1,Apple,description\nas an asc you will be highly infl...,Apple Solutions Consultant,828,"{\n ""Core Responsibilities"": ""as an asc you ..."
2,Netflix,its an amazing time to be joining netflix as w...,Licensing Coordinator - Consumer Products,3205,"{\n ""Core Responsibilities"": ""Help drive bus..."
3,Robert Half,description\n\nweb designers looking to expand...,Web Designer,2489,"{\n ""Core Responsibilities"": ""Designing webs..."
4,TrackFive,at trackfive weve got big goals were on a miss...,Web Developer,3167,"{\n ""Core Responsibilities"": ""Build and layo..."


In [5]:
print(jd_df['job_description'][0])

minimum qualifications
bachelors degree or equivalent practical experience years of experience in saas or productivity tools businessexperience managing enterprise accounts with sales cycles
preferred qualifications
 years of experience building strategic business partnerships with enterprise customersability to work through and with a reseller ecosystem to scale the businessability to plan pitch and execute a territory business strategyability to build relationships and to deliver results in a crossfunctionalmatrixed environmentability to identify crosspromoting and uppromoting opportunities within the existing account baseexcellent account management writtenverbal communication strategic and analyticalthinking skills
about the job
as a member of the google cloud team you inspire leading companies schools and government agencies to work smarter with google tools like google workspace search and chrome you advocate the innovative power of our products to make organizations more product

In [6]:
df = pd.read_csv('data/extracted_resume.csv')
df.head()

Unnamed: 0,Skills,Education,ID,Category
0,Excellent classroom managementÂ,Subject Matter Authorization in Science: Scien...,37201447,AGRICULTURE
1,"Team mediation, Budget Management, Delegation ...","2009 Howard University ï¼​ City , State , USA ...",12674256,AGRICULTURE
2,"COMPUTER LITERACY, E-mail, English, government...","2011\nThe Universty of Zambia ï¼​ City , State...",29968330,AGRICULTURE
3,"C, C++, communication skills, designing, ELISA...","Masters of Science , Biotechnology 5 2013 Univ...",81042872,AGRICULTURE
4,"Data Entry, Printers, Clients, Loans, Tax Retu...",Wayne State University 2013 MBA : Linguistics ...,20006992,AGRICULTURE


In [7]:
df.shape

(2484, 4)

In [None]:
def text_cleaning(text:str) -> str:
    """
    Function to clean the text data
    
    Args:
    text (str): Text to be cleaned
    Returns:
    str: Cleaned text
    """

    if pd.isnull(text):
        return
    
    # lower-case everything
    text = text.lower().strip()
    
    # For removing puctuations
    translator = str.maketrans('', '', string.punctuation)
    
    # expand all the short-form words
    text = contractions.fix(text)
    
    # remove any special chars
    text = re.sub(r'http\S+|www\S+|https\S+', '', text) # Remove URLs
    text = re.sub(r'\S+@\S+', '', text) # Remove emails
    text = re.sub(r'\b\d{1,3}[-./]?\d{1,3}[-./]?\d{1,4}\b', '', text) # Remove phone numbers
    text = text.translate(translator) # Remove puctuations
    text = re.sub(r'[^a-zA-Z]', ' ', text) # Remove other non-alphanumeric characters
    
    return text.strip()

In [None]:
# We have 15 Resumes where Skills & Education were not extracted
# So, let's remove them
cv_df = df[~(df['Skills'].isna() & df['Education'].isna())].reset_index(drop=True)

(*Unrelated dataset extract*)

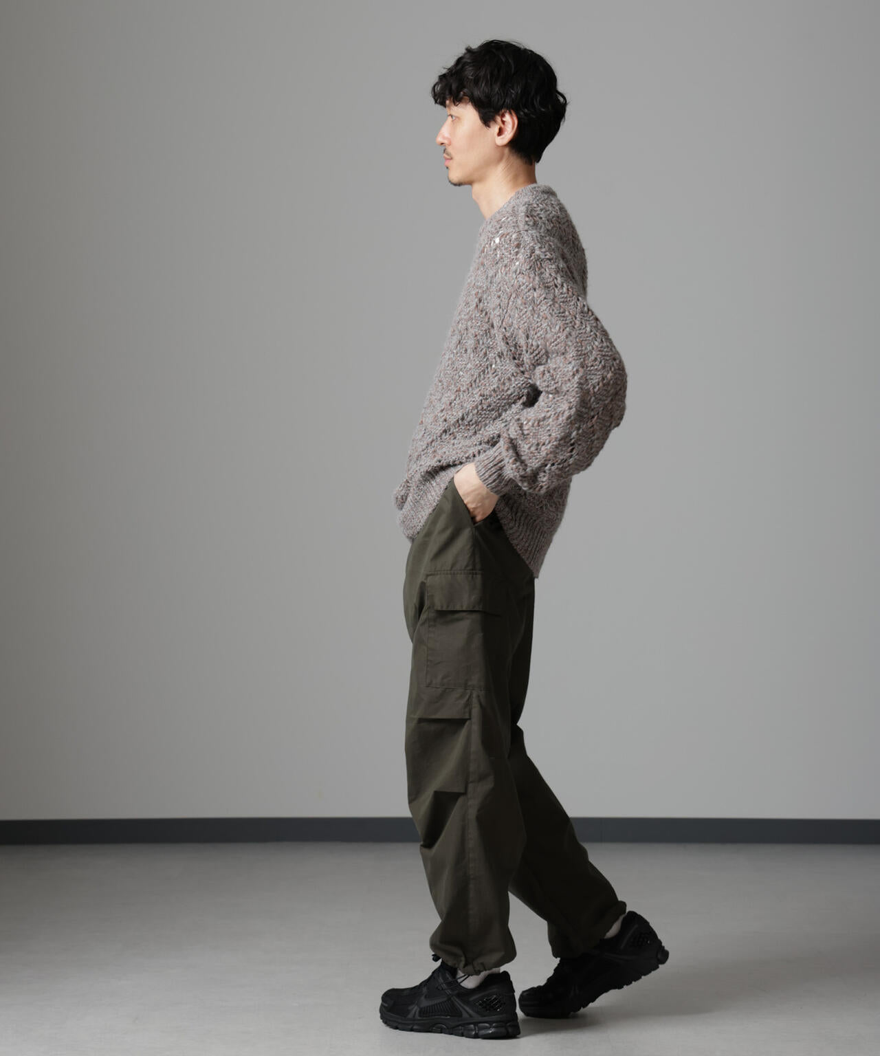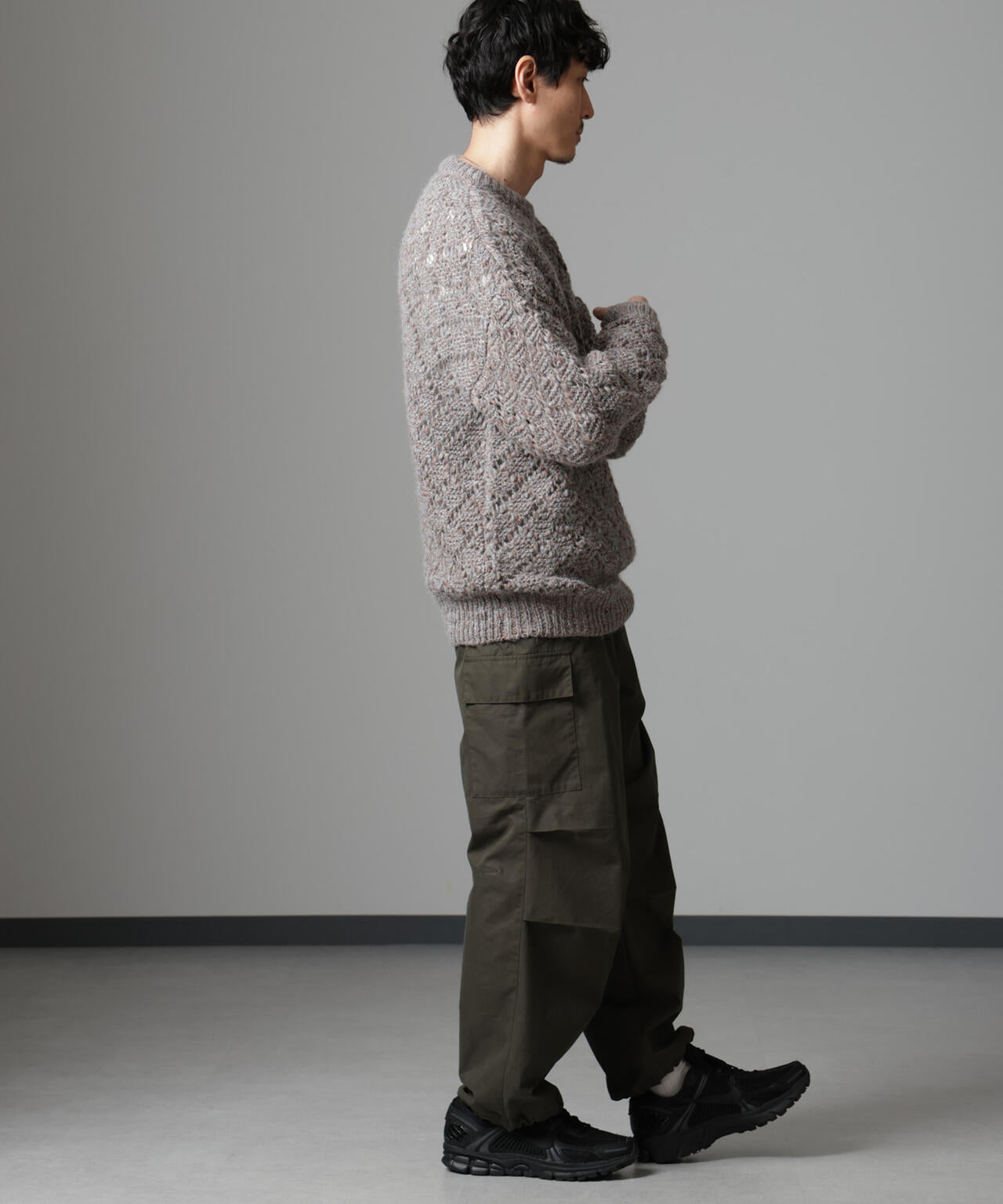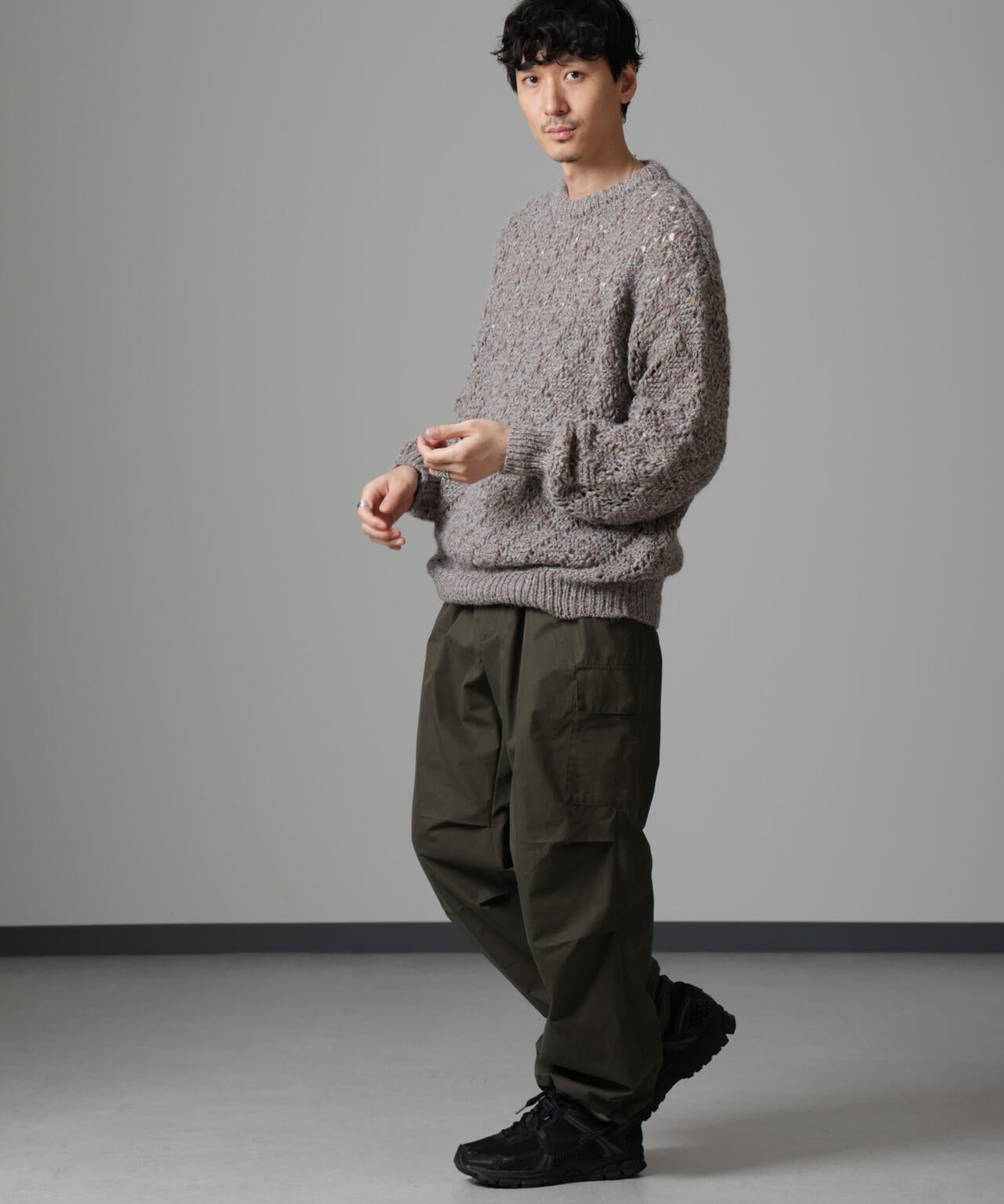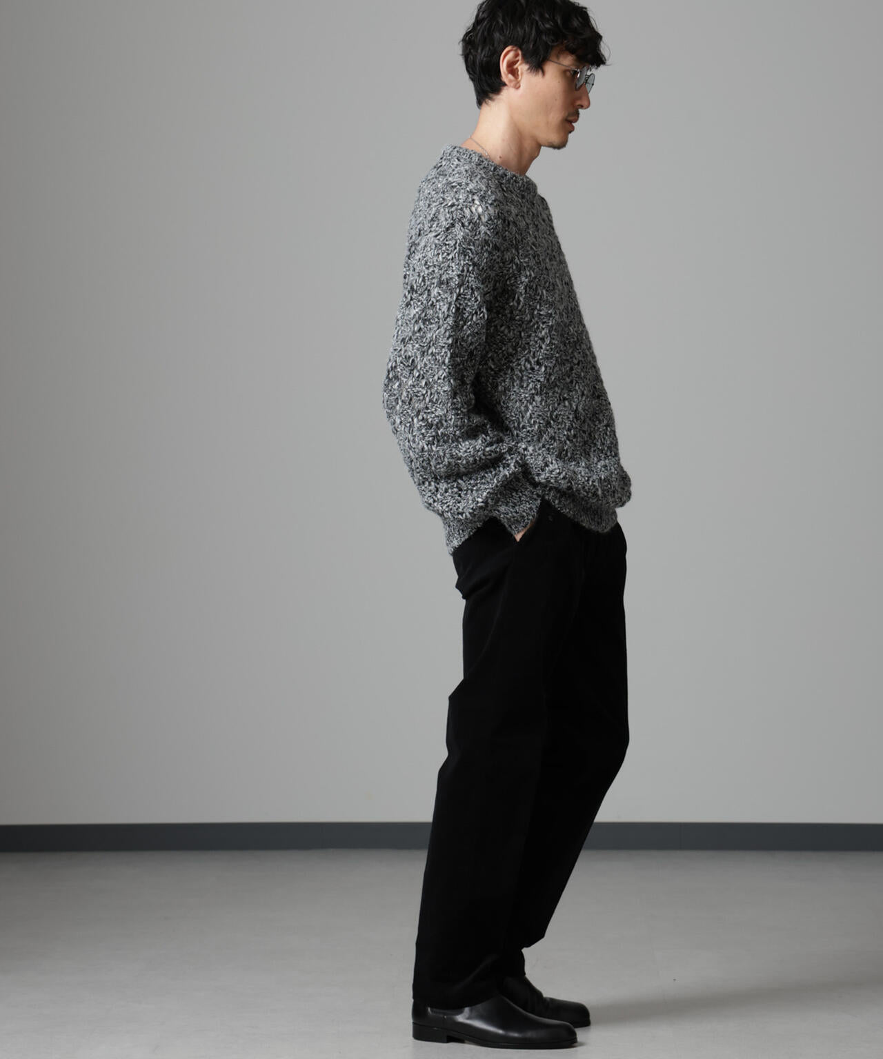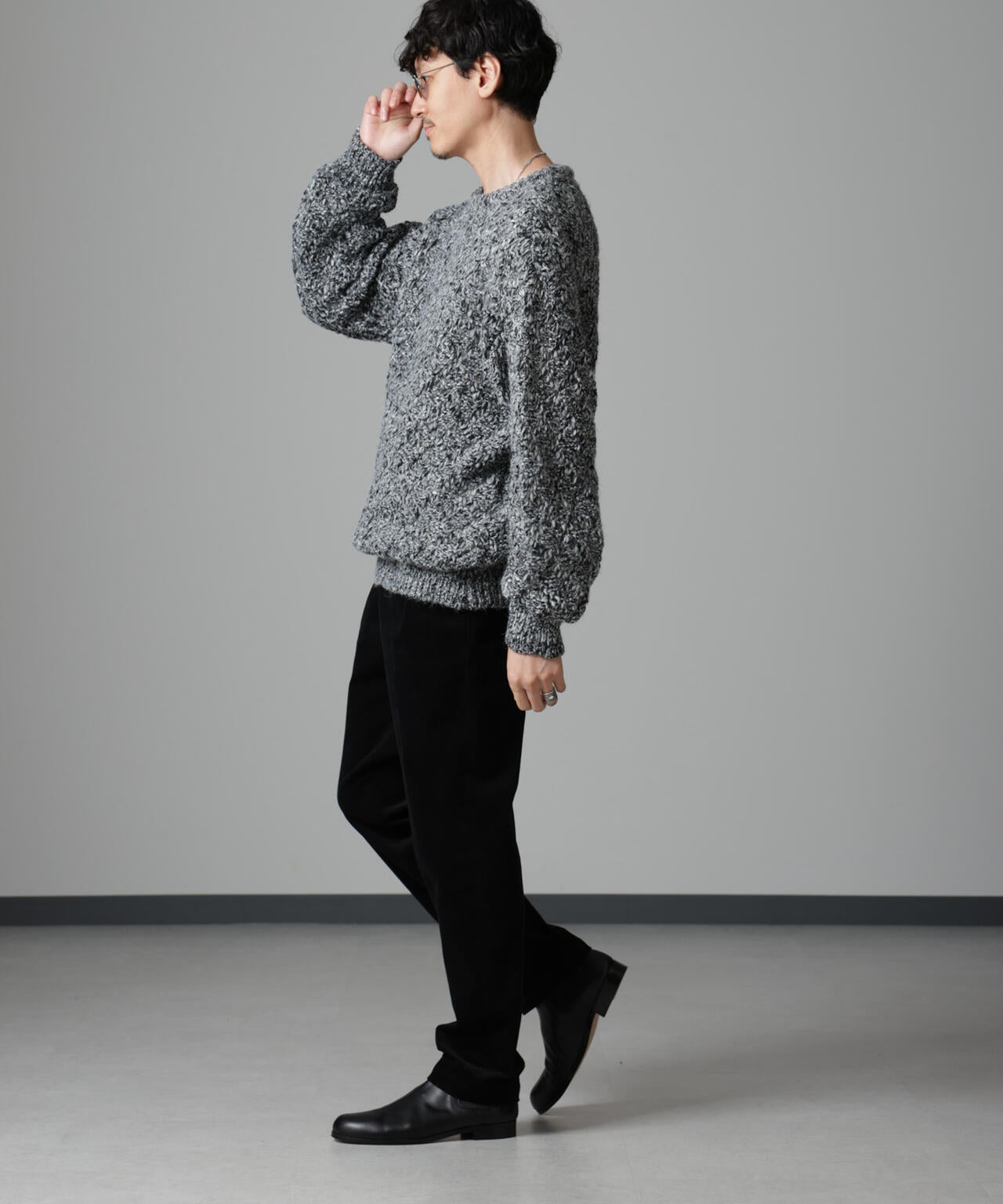 複数の色の糸を組み合わせた印象的なクルーネックニット。手編みのような大きな網目にすることで、インナーのカラーなどでレイヤードを楽しめる1着に仕上げました。

# Filling the null values in Skills & Education with Empty String before concatinating them
cv_df = cv_df.fillna(value='')

# Let's stitch together Skills & Education, similar to given in job description.
cv_df['CV'] = cv_df['Skills'] + ' ' + cv_df['Education']

# Doing text cleaning
cv_df['CV'] = cv_df['CV'].progress_apply(text_cleaning)

Progress Bar: 100%|██████████| 2469/2469 [00:00<00:00, 18007.57it/s]


In [10]:
cv_df.shape

(2469, 5)

In [11]:
# Sample job descriptions
job_descriptions = jd_df['job_description'].apply(text_cleaning)[:15].to_list() # jd_df['job_description'][:15]

# Sample resumes (replace with your extracted resume data)
resumes = cv_df['CV'].to_list()

## Creating Embedding using `GPT2Tokenizer`, `GPT2Model`

In [12]:
tokenizer = GPT2Tokenizer.from_pretrained("gpt2")
model = GPT2Model.from_pretrained("gpt2")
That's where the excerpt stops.